Carla Killough McClafferty (born July 11, 1958), is an American author of non-fiction for children, writing mostly about science and history.  The International Reading Association awarded the 2007 Children's Book Award for Intermediate Nonfiction to her book Something Out of Nothing: Marie Curie and Radium. The National Council of Teachers of English gave a 2008 Orbis Pictus Recommended book designation to In Defiance of Hitler: The Secret Mission of Varian Fry.

Personal life
McClafferty was born, raised, and still lives in Arkansas.  She grew up on her parents' rice and soybean farm in the tiny Lonoke County community of Tomberlin.  About attending England Elementary School she says, "We didn't even have a library; instead, a shelf filled with books stretched across the side of the room beneath the windows."

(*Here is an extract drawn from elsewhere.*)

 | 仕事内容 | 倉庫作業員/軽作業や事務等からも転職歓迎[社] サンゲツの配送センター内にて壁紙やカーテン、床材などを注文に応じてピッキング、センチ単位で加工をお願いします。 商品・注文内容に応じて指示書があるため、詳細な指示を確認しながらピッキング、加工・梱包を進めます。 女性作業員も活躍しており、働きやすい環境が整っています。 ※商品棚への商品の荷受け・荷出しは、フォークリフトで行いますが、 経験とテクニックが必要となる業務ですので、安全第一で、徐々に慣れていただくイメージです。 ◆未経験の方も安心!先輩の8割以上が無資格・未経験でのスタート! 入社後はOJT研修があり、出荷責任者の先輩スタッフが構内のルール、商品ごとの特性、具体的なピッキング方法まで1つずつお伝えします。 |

She has three children, Ryan, Brittney, and Corey McClafferty.  In 1988, her son Corey, at the age of fourteen months, fell from the backyard swing and died from a head injury.  This tragedy led to her first book, Forgiving God. Since then, she has researched and written four non-fiction books for young readers.

Career
Before becoming a writer, McClafferty worked as a Registered Radiologic Technologist.  McClafferty coined the phrase Biography Plus to describe her books, which means her heavily researched biographies also include information that deepens the reader's understanding of the topic.  For example in her latest book, The Many Faces of George Washington: Remaking a Presidential Icon, biography material about Washington is enhanced by a recent investigation at Mount Vernon to determine what George Washington really looked like at three pivotal moments in his life.

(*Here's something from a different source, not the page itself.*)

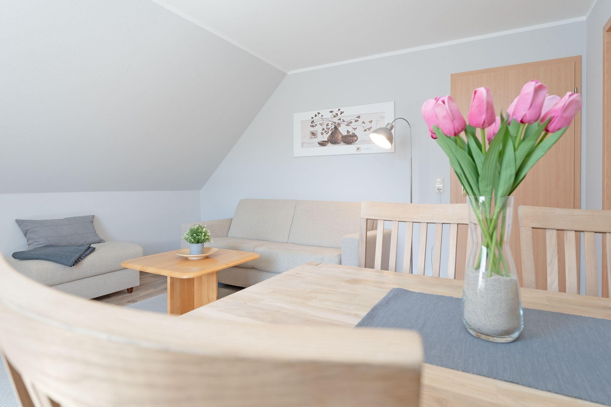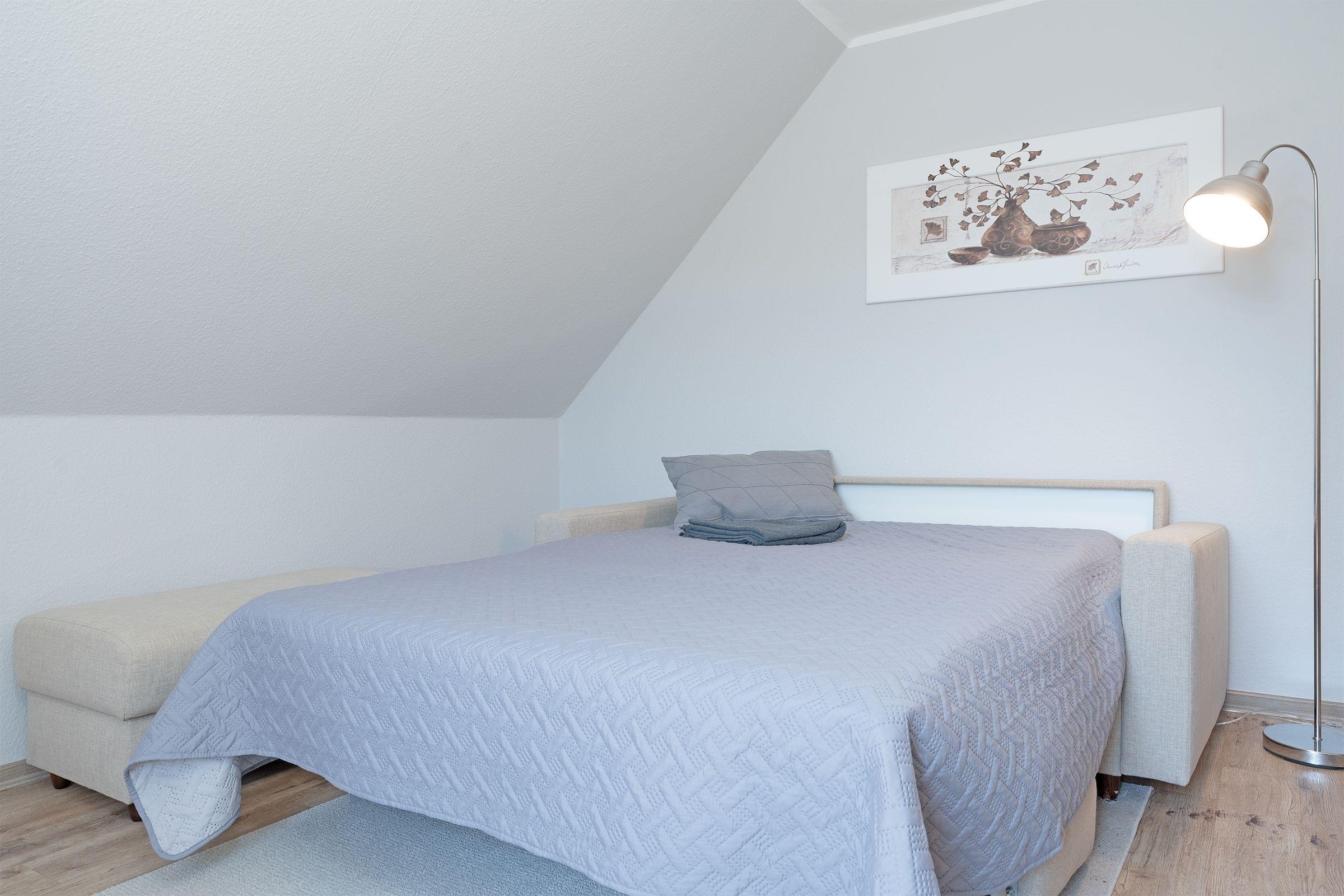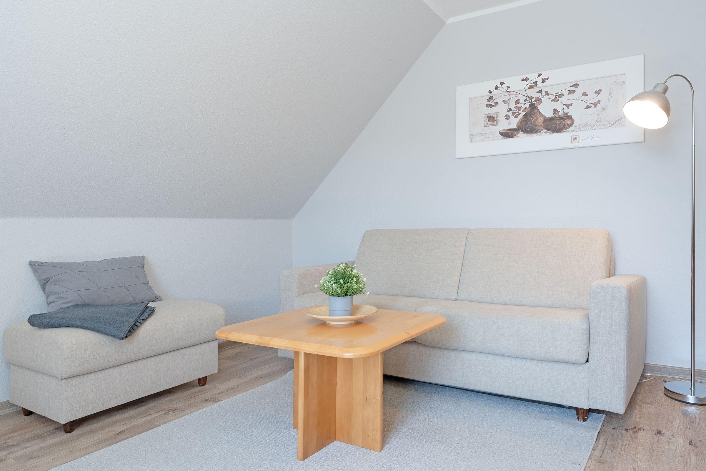Machen Sie es sich nach einem schönen Ostseeurlaubstag in Ihrem gemütlichen, hell eingerichteten Wohnzimmer bequem. Die klassisch-moderne Schlafcouch (140x200 cm) können Sie mit wenigen Handgriffen in eine Schlafstätte für bis zu 2 Personen verwandeln.

In addition to being the author of literary nonfiction books, Carla Killough McClafferty is also an experienced public speaker for audiences of all ages at a various local, national and international venues.  She served as Regional Advisor for the Society of Children's Book Writers and Illustrators (SCBWI) Arkansas branch for three years.

Bibliography

Forgiving God
About her struggle with faith following the death of her son. (Discovery House Publishers 1995)

Awards and recommendations:
Doubleday Crossings Book Club Selection

The Head Bone's Connected to the Neck Bone: The Weird, Wacky and Wonderful X-ray
A history of the x-ray from Wilhelm Röntgen to the present day. (Farrar, Straus and Giroux 2001)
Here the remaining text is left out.